Education and early career

J.E. Wilkins, 1918

Wilkins was the son of a Missouri Baptist preacher.[2] He studied mathematics at the University of Illinois and then attended the University of Chicago Law School in the 1920s. He was a member of its Phi Beta Kappa Society and then practiced law locally for several years.[4]

Public service

In 1954, Wilkins was appointed by President Dwight D. Eisenhower as Undersecretary of Labor for International Labor Affairs (UL-ILA),[2] thus becoming the first African-American to attend White House cabinet level meetings in the absence of his superior, Labor Secretary James Mitchell.[2][5] Wilkins had previously served the Eisenhower administration as acting chairman of the President's Committee on Government Contracts at the request of Val Washington.[6][7]
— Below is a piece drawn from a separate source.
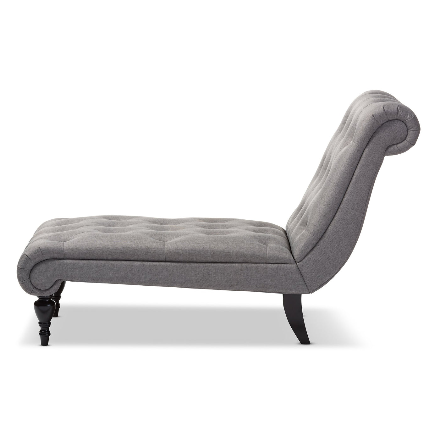 Baxton Studio Layla Mid-century Retro Modern Grey Fabric Upholstered Button-tufted Chaise Lounge, Grey

During his tenure with the administration he was a member of Equality Committee, working with E. Frederic Morrow, Val Washington, Joseph Douglas, James Nabrit Jr. and Samuel Pierce.[8] Still earlier he had been a member of Eisenhower's President's Committee on Governmental Employment Policy (PCGEP) board when he was with the Labor Department.[7]

In 1957, Labor Secretary Mitchell began working toward having Wilkins removed from his post, beginning by having Wilkins appointed to the U.S. Civil Rights Commission, where he became the first Black member.[9]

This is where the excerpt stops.